What’s stopping you?
At this stage, you might want to delve into what might prevent you from progressing your dreams, especially if you have tried this before and found that it’s gone nowhere for you. You can do as I did and give yourself a thorough dressing down over some of your limiting behaviours, you can look into whether you need any further help to get you to the next level or you can simply skip this step entirely, I mean why focus on the negatives when we’re all about positive changes, right?
How to turn a dream into a reality
Now we’ve arrived at the most important stage, which you definitely can’t skip under any circumstances as it’s going to become your road map for realising your dreams, and it's all about goal setting. A dream without goals is just a dream, it’ll probably never happen and remain destined to gather dust in the bottom drawer. Goals are your road map for reaching your destination, although I prefer not to think of dreams as having an end point but other than that it’s a good enough analogy.

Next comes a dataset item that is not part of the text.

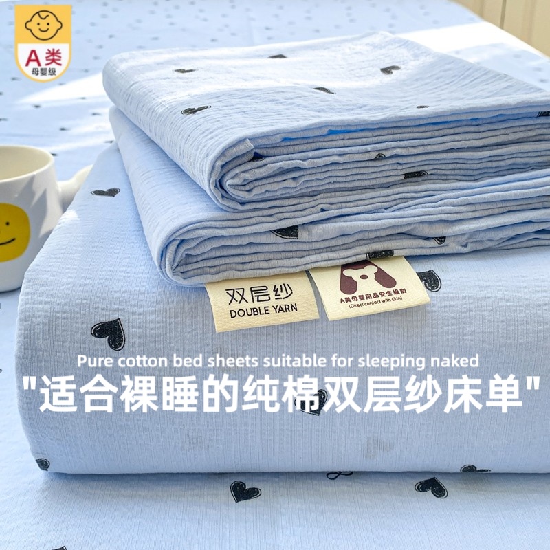 A类纯棉床单单件2025新款加厚全棉双层纱被单宿舍单人枕套三件套3

Once you have your goals, you will need to break them down further into targets or steps long the way and that’s super important because the targets are the things we can shoot for and ticking them off releases happy hormones in our brain which keeps us on track… one step closer to the dream and all that.
Here’s an example of what it looks like:
DREAM: one day I’m going on that Caribbean cruise
GOAL: save up enough money to make it happen
TARGETS: by the end of January, I will have saved £100. In February I will book the time off work. By Easter I will have saved £500…. Get the picture?
What have you noticed about those targets? They are SMART – Specific, Measurable, Achievable, Realistic and Timely – remember that from school? It’s so important though because that’s how they get ticked off and that’s how you get closer to your goals. If you set yourself something with no road map to achieve it then you've failed before you’ve even started and your motivation to make it happen will take a nosedive. And that is the reason why so many New Year's resolutions end up in the bin before the end of January!
So what if your dreams are so unrealistic that you can’t even generate immediate goals from them? Don’t allow this to be a limiting factor, just keep breaking them down until you have something you can work with. The goal might be to make a million so decide when you want to do that by and if it’s in 10 years then work on what you need to work on in the next 10 years to get closer to making that happen.
It’s also OK to put some dreams on the back burner for now while you focus on what’s immediately important to you. In fact, I would strongly suggest organising your dreams into order of priority and looking at them to see if there is any overlap or if any of them are dependent on others coming to fruition first. Don’t try and take on the world in one go, just have a play about with this and review it in a few months’ time – you might be doing so well that you can change the world by then, who knows?
This January, why not give this a go and see if you make something happen? And if you do, then I would truly love to hear about it.